MATERIAL PROVIDED —
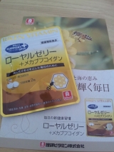 el="nofollow">Rikenサポートプラスファンサイト参加中理研ビタミンさんの ローヤルゼリーメカブフコイダンを飲みましたまず、理研ビタミンさんて有名ですよねふえるワカメちゃんとか 大好きです ローヤルゼリーはPMSとか、月経前緊張症や、更年期にもいいと聞きました私は結構ヒドイ PMSで、筋肉が強張ったり、イライラはもちろん、悲しくもなったり、食欲も増えたりとみんなが困ってるようなPMSの症状がありますローヤルゼリーは、そんなホルモンバランスを整えるのにもいいそうなんです蜂蜜を扱っている、ローヤルゼリー屋さんのお姉さんの情報ですその方は、お姉さんと言っても、50代位なので、更年期に悩んでいたそうなんですが、飲み始めてから全然違う「私、PMSで悩んでいるんです」と言ったら、ローヤルゼリーはいいわよとホルモンのバランスにもいいわぁって もちろん続ける事が大事なんですってそもそも、◆ローヤルゼリーとは◆ローヤルゼリーは、働き蜂が作り出す乳白色のクリーム状の物質です蜂は同じ卵から生まれたにもかかわらず、ローヤルゼリーのみで育てられた蜂のみが女王蜂へと成長しますローヤルゼリーは毎日2000個程度の卵を産み続ける女王蜂の驚異的な生命力を支えている源なのですローヤルゼリーには多くの栄養素が含まれていますたんぱく質、脂質、炭水化物の三大栄養素をはじめ、ビタミン、ミネラル必須アミノ酸など、その数は40種類以上ですこれほどまでに多彩な栄養素がバランス良く組み合わさった食品は、自然界ではほとんどないといわれています◆メカブフコイダンとは◆わかめのメカブに含まれるネバネバ成分ですメカブはわかめの胞子が育つ部分で、胞子を海の外敵から守るために、ネバネバ成分の「フコイダン」をつくっていると考えられていますわかめは縄文時代の貝塚や遺跡からも発見されており、太古の昔から私たち日本人はわかめを食べていたことがわかっていますまた、初めて日本で作られた法律「大宝律令」にもわかめやメカブが海人の税として納められていたことが記されていますそんな食経験が豊かな海藻には身体に良いものが沢山含まれていることが近年の研究から明らかにされています理研ビタミンでは、メカブのフコイダンの健康効果に関する研究を進め、その成果を学会や論文などで発表していますとのこと飲んでみましたよ ■主な成分は、ローヤルゼリー(生換算) 500mgメカブ抽出物(フコイダン80%) 100mgオルニチン 45mg葉酸 400μg 小さくて、女性でも飲み込みやすい形状です女性に嬉しい葉酸や、お酒飲みさんにもいい、オルニチンも入っているそうまだ効果とかはわからないけど、続けて飲んでいってみたいですサプリは積極的に摂らないとね ローヤルゼリーもいいですけど、メカブフコイダンは、下痢とかにもいいらしいですよこれは最強タッグですね 続きを見る ['close']
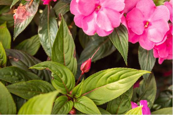 其實(shí)可以通過葉片區(qū)分,蘇丹鳳仙花的葉片短,葉型較圓;新幾內(nèi)亞鳳仙花葉片長,葉形尖銳,葉色較深,有時會顯黑色,并出現(xiàn)深色的葉中脈。
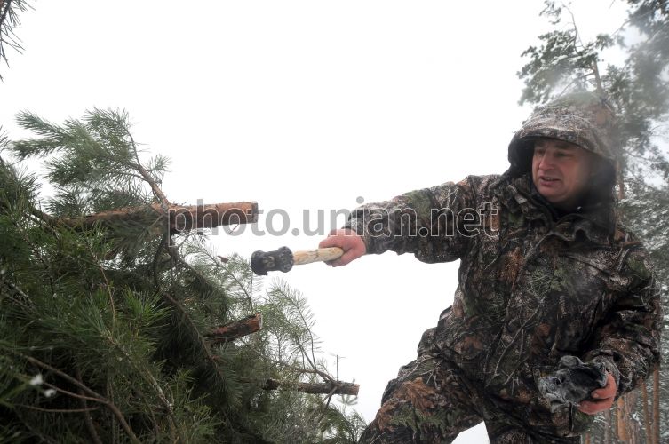 Робітник лісництва проводить таврування стовбурів сосен в одному з лісництв Харківської обл., у п’ятницю, 17 грудня 2010 р. У лісництвах Харківської області сосни оптовикам почали продавати ще в листопаді. Ціни у лісників нижчі, ніж на ринках міста. Дерева до 1 метра коштують 15 грн., сосна від 1 до 2 метрів - 20 грн. На ринках ціни від 70 до 150 грн. Фото Володимира Андрєєва / УНІАН

TASK TO COMPLETE — Write out the whole listing verbatim, images excluded.

RESPONSE BOX —
 el="nofollow">Rikenサポートプラスファンサイト参加中理研ビタミンさんの ローヤルゼリーメカブフコイダンを飲みましたまず、理研ビタミンさんて有名ですよねふえるワカメちゃんとか 大好きです ローヤルゼリーはPMSとか、月経前緊張症や、更年期にもいいと聞きました私は結構ヒドイ PMSで、筋肉が強張ったり、イライラはもちろん、悲しくもなったり、食欲も増えたりとみんなが困ってるようなPMSの症状がありますローヤルゼリーは、そんなホルモンバランスを整えるのにもいいそうなんです蜂蜜を扱っている、ローヤルゼリー屋さんのお姉さんの情報ですその方は、お姉さんと言っても、50代位なので、更年期に悩んでいたそうなんですが、飲み始めてから全然違う「私、PMSで悩んでいるんです」と言ったら、ローヤルゼリーはいいわよとホルモンのバランスにもいいわぁって もちろん続ける事が大事なんですってそもそも、◆ローヤルゼリーとは◆ローヤルゼリーは、働き蜂が作り出す乳白色のクリーム状の物質です蜂は同じ卵から生まれたにもかかわらず、ローヤルゼリーのみで育てられた蜂のみが女王蜂へと成長しますローヤルゼリーは毎日2000個程度の卵を産み続ける女王蜂の驚異的な生命力を支えている源なのですローヤルゼリーには多くの栄養素が含まれていますたんぱく質、脂質、炭水化物の三大栄養素をはじめ、ビタミン、ミネラル必須アミノ酸など、その数は40種類以上ですこれほどまでに多彩な栄養素がバランス良く組み合わさった食品は、自然界ではほとんどないといわれています◆メカブフコイダンとは◆わかめのメカブに含まれるネバネバ成分ですメカブはわかめの胞子が育つ部分で、胞子を海の外敵から守るために、ネバネバ成分の「フコイダン」をつくっていると考えられていますわかめは縄文時代の貝塚や遺跡からも発見されており、太古の昔から私たち日本人はわかめを食べていたことがわかっていますまた、初めて日本で作られた法律「大宝律令」にもわかめやメカブが海人の税として納められていたことが記されていますそんな食経験が豊かな海藻には身体に良いものが沢山含まれていることが近年の研究から明らかにされています理研ビタミンでは、メカブのフコイダンの健康効果に関する研究を進め、その成果を学会や論文などで発表していますとのこと飲んでみましたよ ■主な成分は、ローヤルゼリー(生換算) 500mgメカブ抽出物(フコイダン80%) 100mgオルニチン 45mg葉酸 400μg 小さくて、女性でも飲み込みやすい形状です女性に嬉しい葉酸や、お酒飲みさんにもいい、オルニチンも入っているそうまだ効果とかはわからないけど、続けて飲んでいってみたいですサプリは積極的に摂らないとね ローヤルゼリーもいいですけど、メカブフコイダンは、下痢とかにもいいらしいですよこれは最強タッグですね 続きを見る ['close']
 其實(shí)可以通過葉片區(qū)分,蘇丹鳳仙花的葉片短,葉型較圓;新幾內(nèi)亞鳳仙花葉片長,葉形尖銳,葉色較深,有時會顯黑色,并出現(xiàn)深色的葉中脈。
 Робітник лісництва проводить таврування стовбурів сосен в одному з лісництв Харківської обл., у п’ятницю, 17 грудня 2010 р. У лісництвах Харківської області сосни оптовикам почали продавати ще в листопаді. Ціни у лісників нижчі, ніж на ринках міста. Дерева до 1 метра коштують 15 грн., сосна від 1 до 2 метрів - 20 грн. На ринках ціни від 70 до 150 грн. Фото Володимира Андрєєва / УНІАН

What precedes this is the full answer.